Esos días, un atisbo de esperanza se implantó en su corazón al sentirlo tan agradable, incluso amoroso, y ese abismo de esperanza hizo que cayera nuevamente entre sus redes. La última noche fueron un matrimonio de verdad.
Pero tras la visita de sus progenitores y sin importarle la noche maravillosa que habían pasado juntos, Jareth desapareció de nuevo en cuanto las visitas se marcharon.
Desde ese día, Claire aceptó que el amor que ella sentía no era correspondido y jamás lo sería. Él solo se había limitado a enamorarla por su familia; debía aceptarlo. Jamás la quiso como esposa, solo quería la fusión que significaba su matrimonio y lo mucho que ganarían su empresa y su familia con ello.
¿Qué pasaría ahora si le daba la buena noticia? ¿La odiaría más? Posiblemente creería que lo había hecho a propósito para obligarlo a permanecer con ella.
—Que no cunda el pánico, esta cosa puede fallar —se dijo, tirando el test de embarazo al cubo de la basura y saliendo rápidamente de la casa. Tal vez el ginecólogo confirmaba un falso positivo.
—Señora Mars, ¿la llevo a algún lado? —preguntó rápidamente el chófer al verla salir, guardando el periódico que leía.
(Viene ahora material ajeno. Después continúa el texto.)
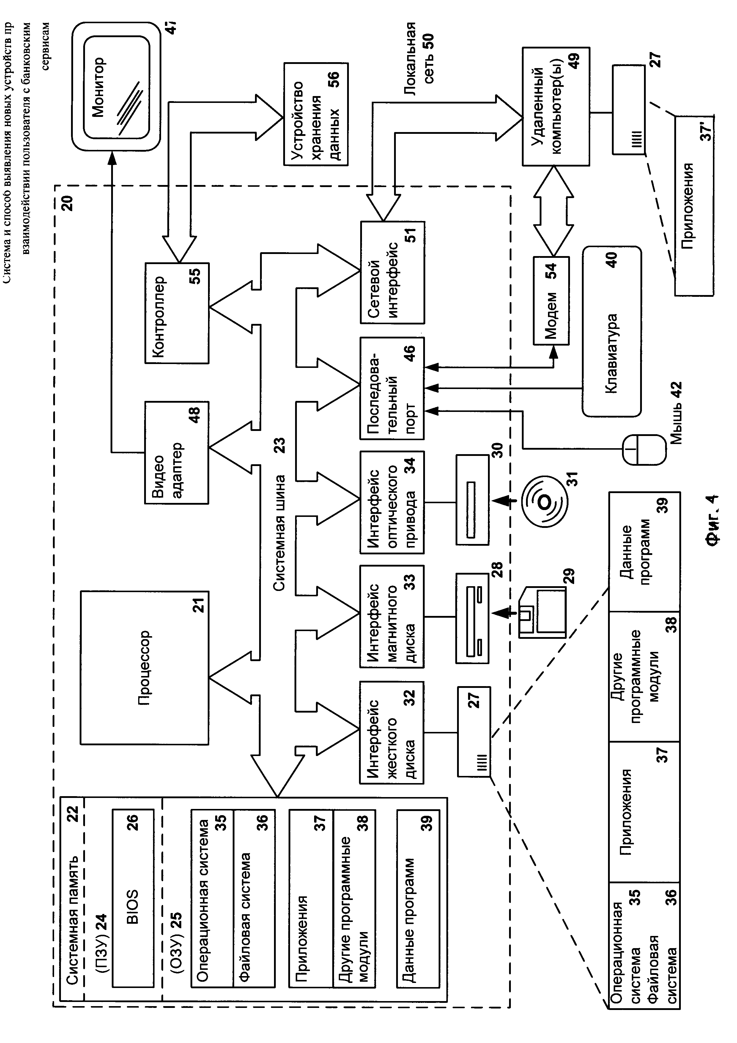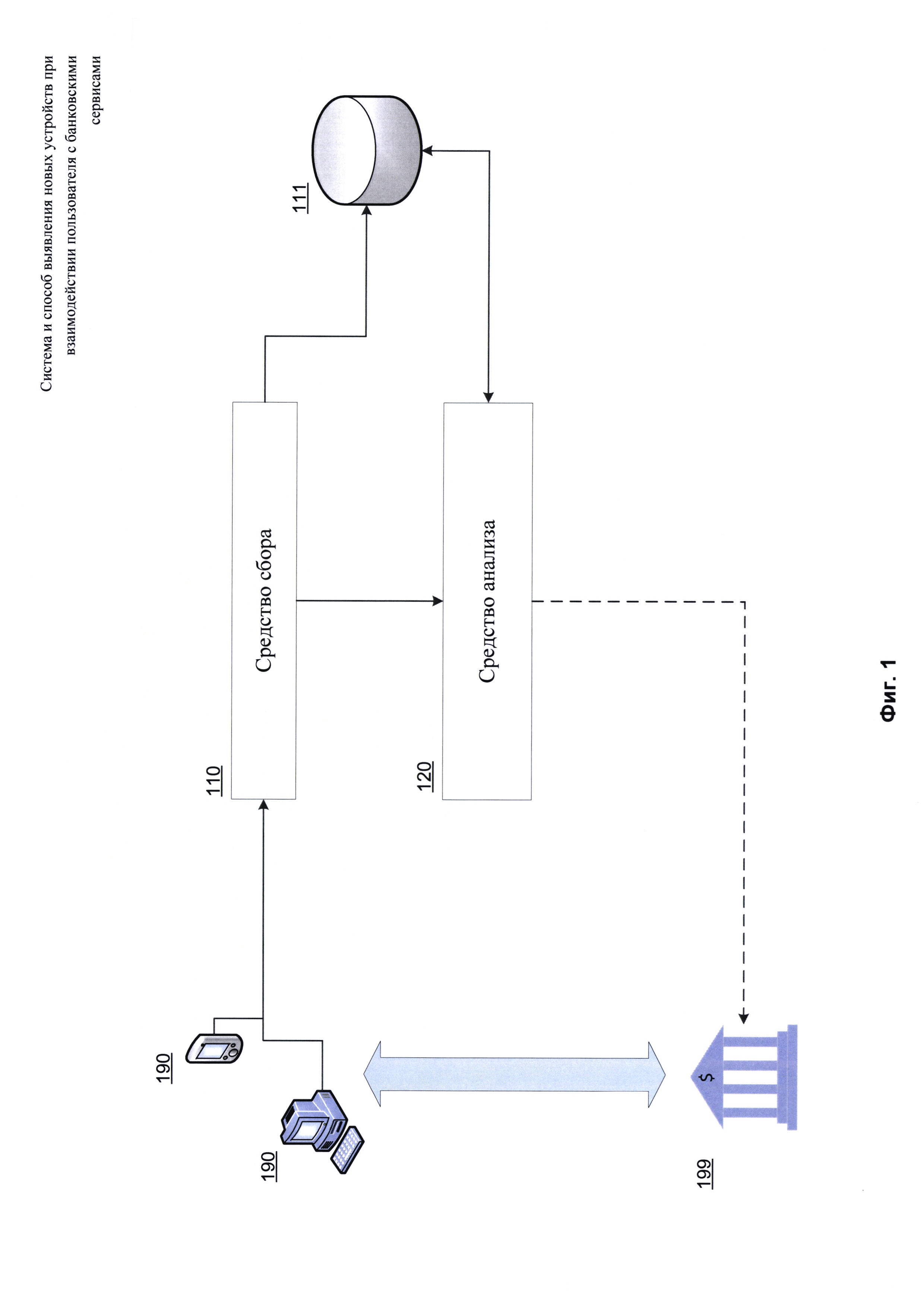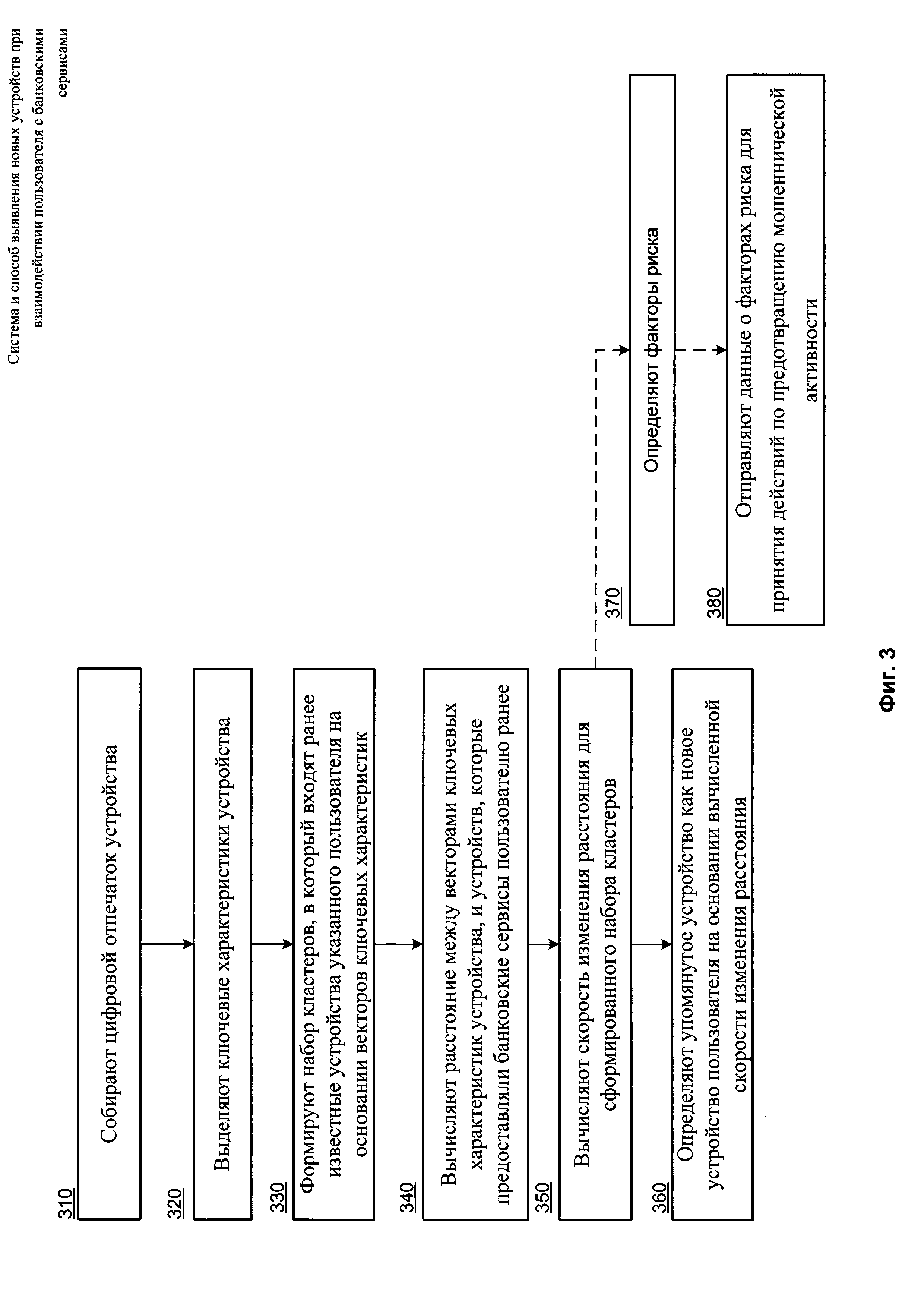 1. Система выявления нового устройства, которое предоставляет удаленные сервисы пользователю, при взаимодействии пользователя посредством аккаунта через устройство, которое предоставляет удаленные сервисы пользователю, которая содержит: • средство сбора, предназначенное для - сбора цифрового отпечатка устройства пользователя, при этом цифровой отпечаток содержит по меньшей мере одну характеристику упомянутого устройства, в момент времени, когда выполняется взаимодействие пользователя с удаленными сервисами посредством упомянутого устройства; - передачи цифрового отпечатка, содержащего упомянутые характеристики, средству анализа; • средство анализа, предназначенное для - выделения из собранных характеристик ключевых характеристик, а именно характеристик, которые влияют на безопасность упомянутого устройства; - формирования набора кластеров, в который входят ранее известные устройства указанного пользователя, при этом кластеризация выполняется на основании векторов ключевых характеристик устройства, где вектор ключевых характеристик содержит по крайней мере часть выделенных ключевых характеристик устройства; - вычисления расстояния между вектором ключевых характеристик упомянутого устройства и вектором ключевых характеристик по меньшей мере одного устройства, которое предоставляло удаленные сервисы пользователю ранее и которое входит в состав упомянутых созданных кластеров; - вычисления скорости изменения упомянутого расстояния для сформированного набора кластеров на основании информации о скорости изменения расстояния на всех известных устройствах других пользователей; - определения упомянутого устройства как нового устройства пользователя в случае, если вычисленное расстояние с учетом вычисленной скорости изменения расстояния выше порогового значения; • базу данных, предназначенную для хранения данных, полученных от средства сбора и средства анализа и информации о скорости изменения расстояния между векторами ключевых характеристик от всех известных устройств других пользователей. 2. Система по п. 1, в которой средство анализа на основании скорости изменения расстояния дополнительно определяет факторы риска. 3. Способ выявления новых устройств, посредством которых выполняется онлайн-доступ пользователя к удаленным сервисам, реализуемый с помощью средств из п. 1 настоящей формулы и содержащий этапы, на которых: а) собирают цифровой отпечаток устройства пользователя, при этом цифровой отпечаток содержит по меньшей мере одну характеристику упомянутого устройства, в момент времени, когда выполняется взаимодействие пользователя с удаленными сервисами посредством упомянутого устройства; б) выделяют из собранных характеристик ключевые характеристики, а именно характеристики, которые влияют на безопасность упомянутого устройства; в) формируют набор кластеров, в который входят ранее известные устройства указанного пользователя, при этом кластеризация выполняется на основании векторов ключевых характеристик устройства, где вектор ключевых характеристик содержит по крайней мере часть выделенных ключевых характеристик устройства; г) вычисляют расстояние между вектором ключевых характеристик упомянутого устройства и вектором ключевых характеристик по меньшей мере одного устр

—No será necesario, Robert. Hoy prefiero conducir yo —por nada del mundo dejaría que nadie más se enterara de lo sucedido, porque de ser verdad, ella volvería de regreso al Reino Unido y no se mantendría ni un día más allí.
El chófer esperó a que la mujer se marchara y, justo cuando el coche salió del patio trasero de la casa, sacó el celular para contactar a su jefe.
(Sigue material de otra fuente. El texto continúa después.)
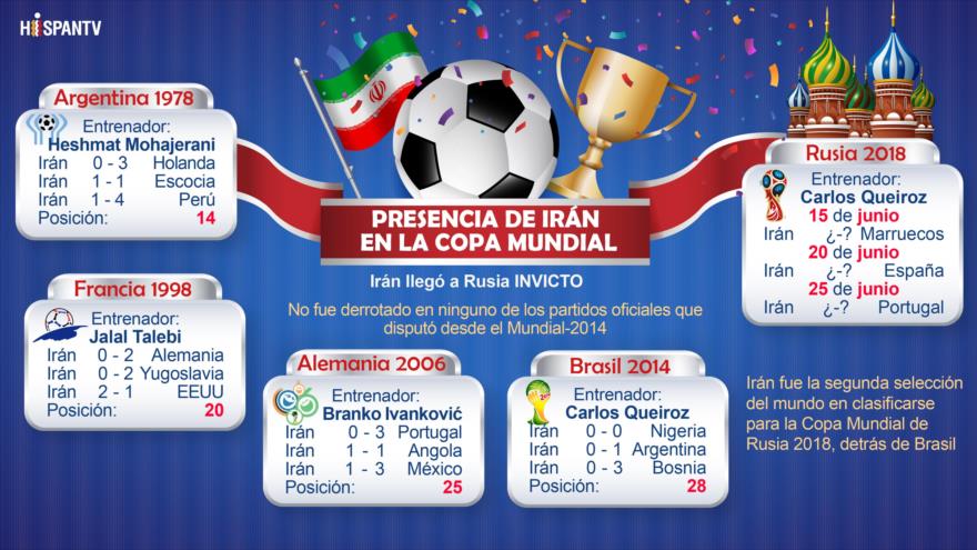 En su quinta presencia mundial, el equipo persa, que pertenece al Grupo B, jugará el 20 de junio en el estadio Kazán Arena contra España y el 25 de junio contra Portugal en el Mordovia Arena.
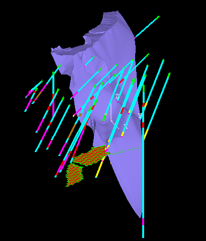 Once the block variables have their respective values, they may be viewed in many different ways, sliced sectioned and colour coded in any orientation. Blocks may be viewed as cubes, points, squares etc. after selection criteria have been applied. The block model may be contoured according to grades, rock types, economical or other variables.
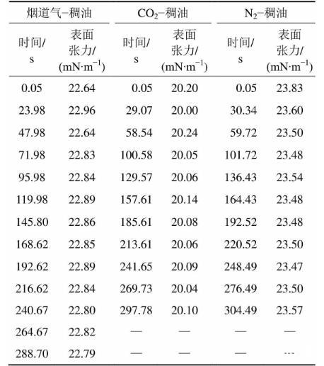 由于煙道氣在原油中具有一定的溶解度,油滴形成后,煙道氣會向原油中擴散、溶解,一直持續到油滴被煙道氣飽和。為了檢測氣體向原油中溶解、擴散對表面張力的影響,對煙道氣?稠油系統的動態表面張力進行測定。圖1所示為120℃和4 MPa下測量的煙道氣?稠油動態表面張力,其中煙道氣組成為80%N2+20%CO2(摩爾分數),并與CO2?稠油和N2?稠油的表面張力進行對比。由圖1可以看出動態表面張力的變化可以分為2個階段:第1個階段為波動階段,在氣體擴散的初始階段,動態表面張力存在一定的波動,約100 s,說明氣體向稠油中擴散會持續一段時間;第2個階段為平衡階段,氣體?稠油的表面張力波動很小,幾乎是一個常數,在相同的溫度和壓力下,CO2?稠油的表面張力最小,N2?稠油的表面張力最大,煙道氣?稠油的表面張力介于二者之間,表1所示為前300 s稠油與不同氣體作用表面張力的實驗值。

El móvil de su jefe, Jareth Mars, no dejaba de sonar. Mónica mordió sus labios ante la idea de tomarlo y contestar ella. Se rumoreaba que su jefe estaba casado, pero ella no lo creía. La supuesta esposa no había aparecido en los seis meses que ella ascendió como su secretaria, ni en los seis meses anteriores, cuando aún no lo era.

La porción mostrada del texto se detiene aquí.